Mittwoch, 3. Oktober 2012

"Dawn of the Dead" [US '78 | George A. Romero]

Bei allen Verdiensten hinsichtlich seiner tragenden Rolle im Subgenre des Zombie-Films und bei aller Gesellschaftskritik, bleibt mit „Dawn of the Dead“ (dt. "Zombie") doch in erster Linie spaßiger Zombie-Trash, wechselweise im A- (die Darsteller) und B-Movie-Gewand (die Gore-Effekte) daherkommend. Gerade aus seiner fast gänzlich fehlenden Einführung in die niedrigen Umstände der Zombie-Apokalypse, schöpft Romero einen unheimlichen Zug in der ansonsten eher spannungsarmen Dramaturgie. Dieser gelegentlichen Spannungsarmut, die mit den eher zur Trägheit neigenden Untoten einhergeht, weiß der Film jedoch mit einem herrlich-ironischen Augenzwinkern zu begegnen. Es entbehrt in diesem Zusammenhang schon nicht einer makaberen Komik, wenn einem geifernden Zombie die Schädeldecke mithilfe von Helikopter-Rotorblättern abgesäbelt wird oder die willenlosen Konsumsklaven in letzter Erinnerung an ihr vergangenes Leben mit der Rolltreppe fahren. Ohnehin sollte man Romero's „Dawn of the Dead“ bei allem kritischen Subtext nie allzu ernst nehmen.

Es ist vor allem Romero's Bildsprache, die das humoristische Potenzial der Geschichte perfekt mit den System-kritischen Aspekten vereint. Wenn die träge Zombie-Meute nach einer etwas wirren ersten halbe Stunde langsam ins Kaufhaus stolpert und sich diese in ihrem Verhalten so gar nicht von ihren lebenden Vorbildern unterscheiden, dann ist das ebenso überdeutlich, wie drastisch.
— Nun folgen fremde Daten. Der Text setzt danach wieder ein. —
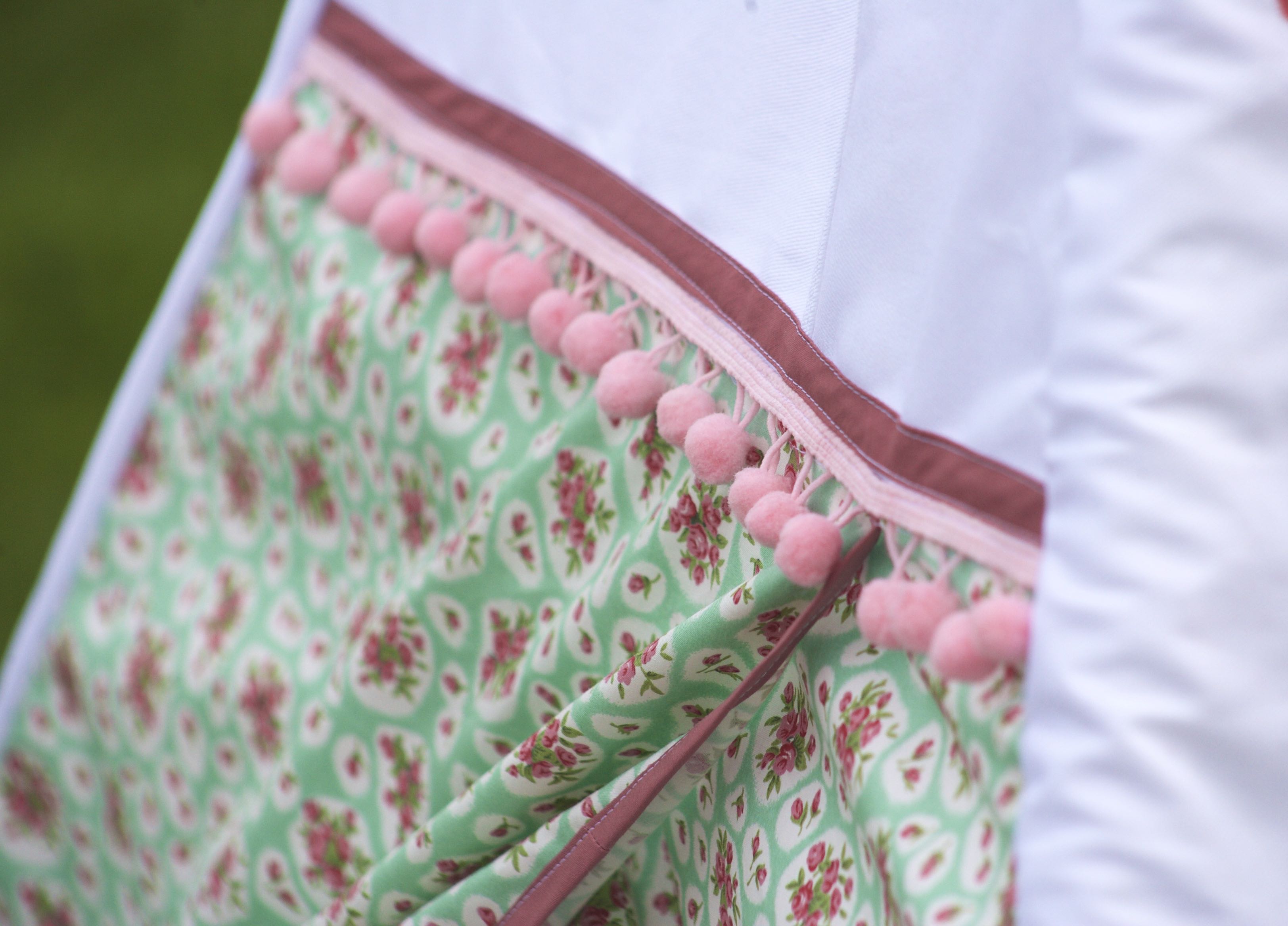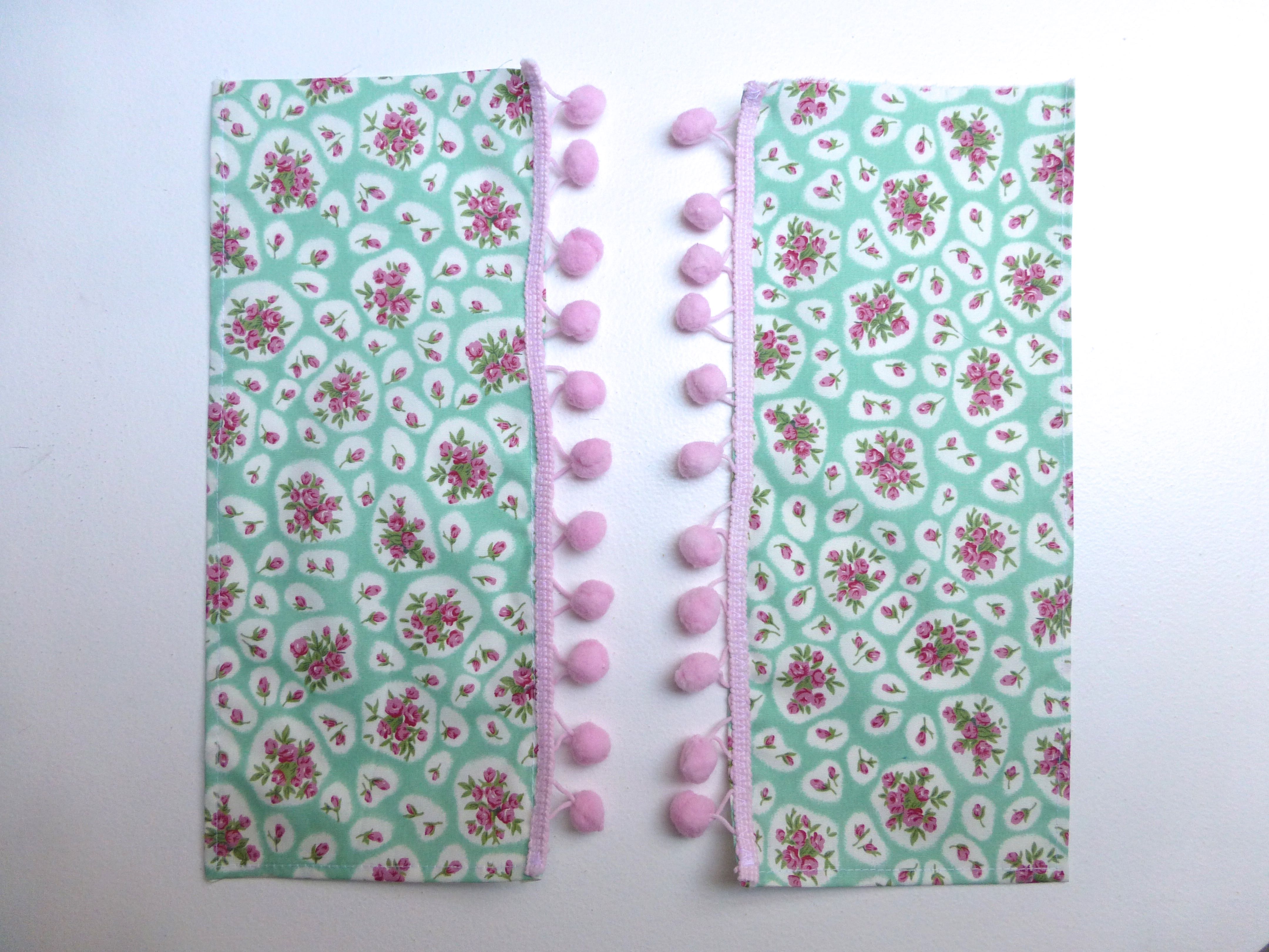 Hem all four edges and trim the opening edges with more pom pom trim.

Niemals hat jemand die Abkehr vom materialistischen Kapitalismus so deutlich auf die Leinwand gebracht wie Romero. So schnell alle Sorgen und Probleme angesichts des Überangebotes an Konsumgütern im einen Moment vergessen waren, holt sie die letztendliche Realität dann doch wieder ein. Das neu geschaffene Utopia entpuppt sich als existenzielles Placebo, als Schein-Dasein, das die zunächst vier Überlebenden zwar materiell vollkommen zu befriedigen vermag, aber sozial und psychisch zu leeren „Zombies“ macht. Konsum bedeutet letztlich also nur die kurzzeitige Ablenkung von gesellschaftlichen und sozialen Missständen. Dem Konsum-Apparat als System-dienliches Instrument setzt Romero in letzter Konsequenz den Chaos-fördernden Anarchismus entgegen.

Die immer wieder in das Geschehen eingestreuten Nachrichten-Ausschnitte nutzt Romero für die Zusammenstellung eines allgemeingültigen Regelwerks; Parameter, an denen sich bis heute unzählige Genre-Beiträge orientieren sollen. Und spätestens während der letzten zwanzig Minuten bittet Romero zur großen Zombie-Sause, dann rollen Köpfe, spritzt literweise Kunstblut und wird ausgiebig der Maßlosigkeit gefrönt. Beeindruckend ist auch während dieser Phase, wie Romero seiner Geschichte immer wieder neue Aspekte und Facetten abzuverlangen weiß: „Dawn of the Dead“ ist dann im einen Moment ein trashiges B-Movie, im anderen überraschend gut gespieltes Psychogramm und Verhaltensstudie, in der einen Sekunde zum brüllen komisch, zur anderen wieder zwischenmenschlich und dramatisch. Ein ebenso intelligenter, wie spaßiger, aber nicht vor einigen Längen gefreiter Genre-Meilenstein.

7/10

1 Kommentar:

  1. Sehr gute Kritik, mit der ich eigentlich auf kompletter Länge konform gehen würde.